§ **Aim of the exercise**: If pictures appear among the lines below, leave them out while you return exactly the lines from the one with "2 saucepans (1.5" through the one with "그리고 엉또폭포에는 천연기념물 323호인 황조롱이 가족이 살고있다고 합니다.".

§ **Data shown**:
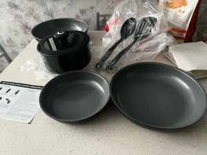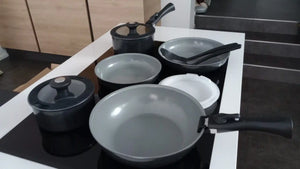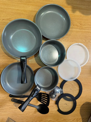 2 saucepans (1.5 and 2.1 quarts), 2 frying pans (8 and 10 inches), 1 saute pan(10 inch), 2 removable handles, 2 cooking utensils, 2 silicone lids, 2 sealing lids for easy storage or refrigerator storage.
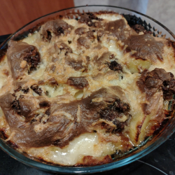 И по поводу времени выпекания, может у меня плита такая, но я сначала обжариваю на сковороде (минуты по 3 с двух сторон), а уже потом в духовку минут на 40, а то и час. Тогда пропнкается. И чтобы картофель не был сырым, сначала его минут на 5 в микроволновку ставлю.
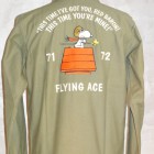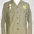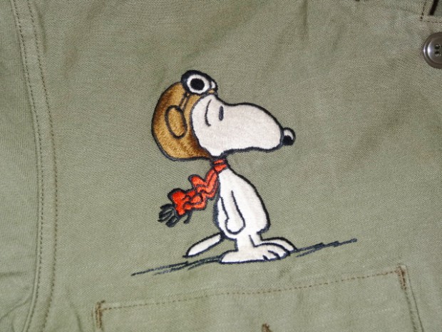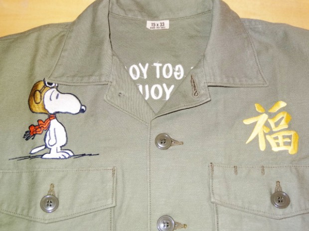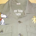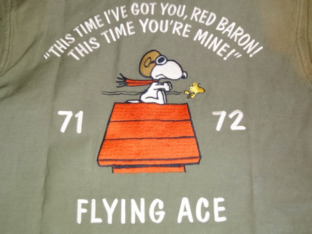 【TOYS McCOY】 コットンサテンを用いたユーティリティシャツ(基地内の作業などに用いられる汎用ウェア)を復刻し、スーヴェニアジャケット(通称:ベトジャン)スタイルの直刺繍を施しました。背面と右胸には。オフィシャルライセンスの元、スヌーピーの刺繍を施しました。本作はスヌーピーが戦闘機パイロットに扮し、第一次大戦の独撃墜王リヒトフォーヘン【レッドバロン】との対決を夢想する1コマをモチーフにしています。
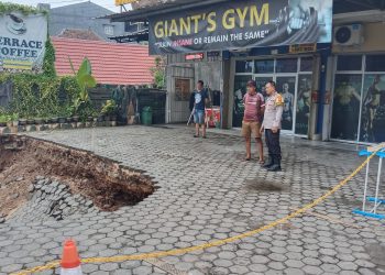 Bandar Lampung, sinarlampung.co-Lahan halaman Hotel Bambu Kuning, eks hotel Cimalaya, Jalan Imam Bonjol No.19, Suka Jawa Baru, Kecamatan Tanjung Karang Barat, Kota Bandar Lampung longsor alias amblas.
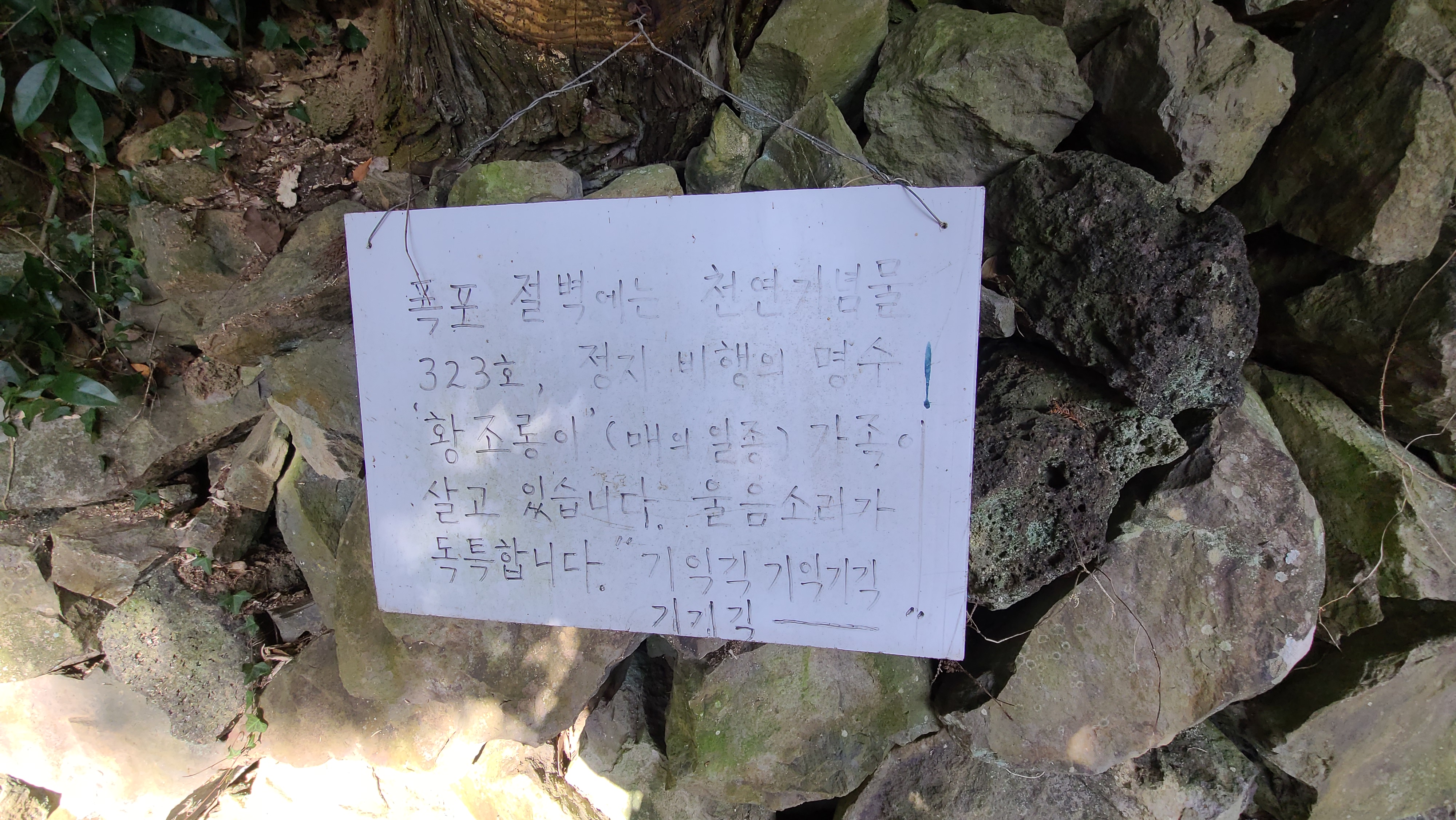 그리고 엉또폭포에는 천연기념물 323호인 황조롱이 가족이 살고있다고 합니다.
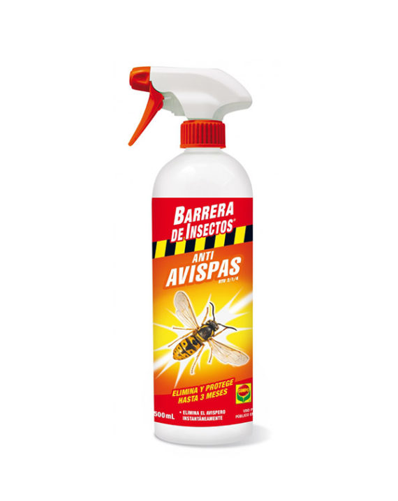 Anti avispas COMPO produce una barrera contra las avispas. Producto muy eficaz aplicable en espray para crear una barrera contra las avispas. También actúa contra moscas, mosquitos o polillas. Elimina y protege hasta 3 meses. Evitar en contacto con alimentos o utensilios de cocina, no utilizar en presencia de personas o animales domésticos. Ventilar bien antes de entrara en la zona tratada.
==
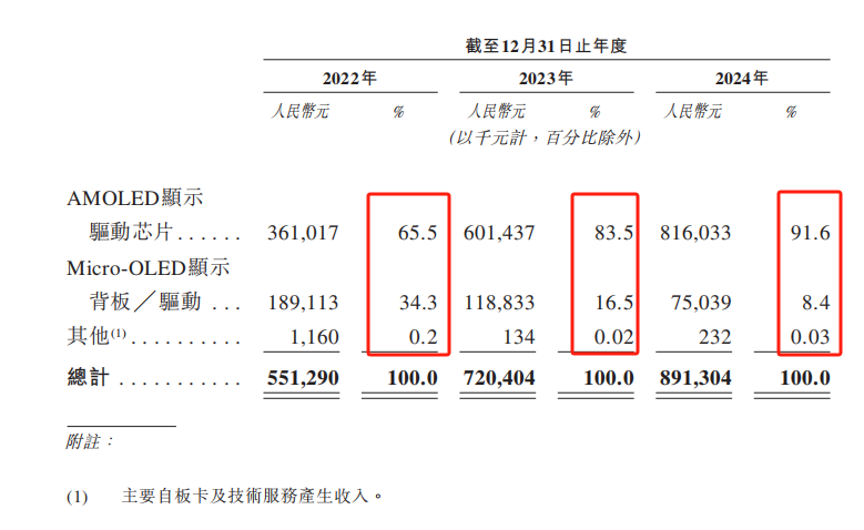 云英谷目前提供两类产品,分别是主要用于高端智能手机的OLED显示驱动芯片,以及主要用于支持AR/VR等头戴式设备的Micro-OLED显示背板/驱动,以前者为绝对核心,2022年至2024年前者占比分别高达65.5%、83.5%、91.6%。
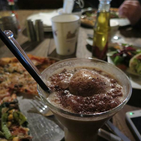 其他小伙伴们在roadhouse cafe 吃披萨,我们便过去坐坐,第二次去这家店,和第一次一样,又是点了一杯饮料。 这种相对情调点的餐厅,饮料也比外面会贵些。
--
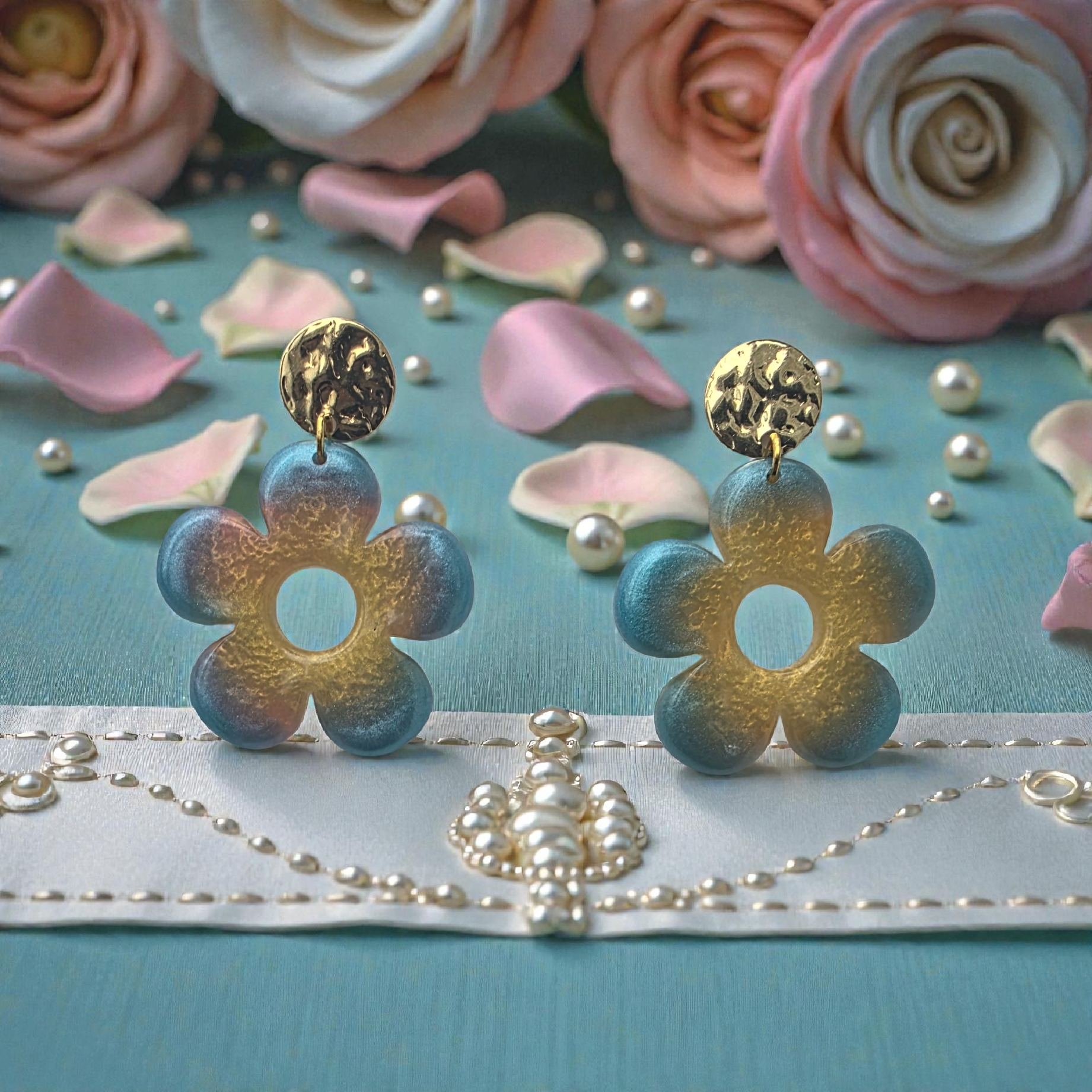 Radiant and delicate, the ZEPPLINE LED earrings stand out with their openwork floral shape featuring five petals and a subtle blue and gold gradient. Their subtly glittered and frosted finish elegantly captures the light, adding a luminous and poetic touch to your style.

§ **Response box**:
 2 saucepans (1.5 and 2.1 quarts), 2 frying pans (8 and 10 inches), 1 saute pan(10 inch), 2 removable handles, 2 cooking utensils, 2 silicone lids, 2 sealing lids for easy storage or refrigerator storage.
 И по поводу времени выпекания, может у меня плита такая, но я сначала обжариваю на сковороде (минуты по 3 с двух сторон), а уже потом в духовку минут на 40, а то и час. Тогда пропнкается. И чтобы картофель не был сырым, сначала его минут на 5 в микроволновку ставлю.
 【TOYS McCOY】 コットンサテンを用いたユーティリティシャツ(基地内の作業などに用いられる汎用ウェア)を復刻し、スーヴェニアジャケット(通称:ベトジャン)スタイルの直刺繍を施しました。背面と右胸には。オフィシャルライセンスの元、スヌーピーの刺繍を施しました。本作はスヌーピーが戦闘機パイロットに扮し、第一次大戦の独撃墜王リヒトフォーヘン【レッドバロン】との対決を夢想する1コマをモチーフにしています。
 Bandar Lampung, sinarlampung.co-Lahan halaman Hotel Bambu Kuning, eks hotel Cimalaya, Jalan Imam Bonjol No.19, Suka Jawa Baru, Kecamatan Tanjung Karang Barat, Kota Bandar Lampung longsor alias amblas.
 그리고 엉또폭포에는 천연기념물 323호인 황조롱이 가족이 살고있다고 합니다.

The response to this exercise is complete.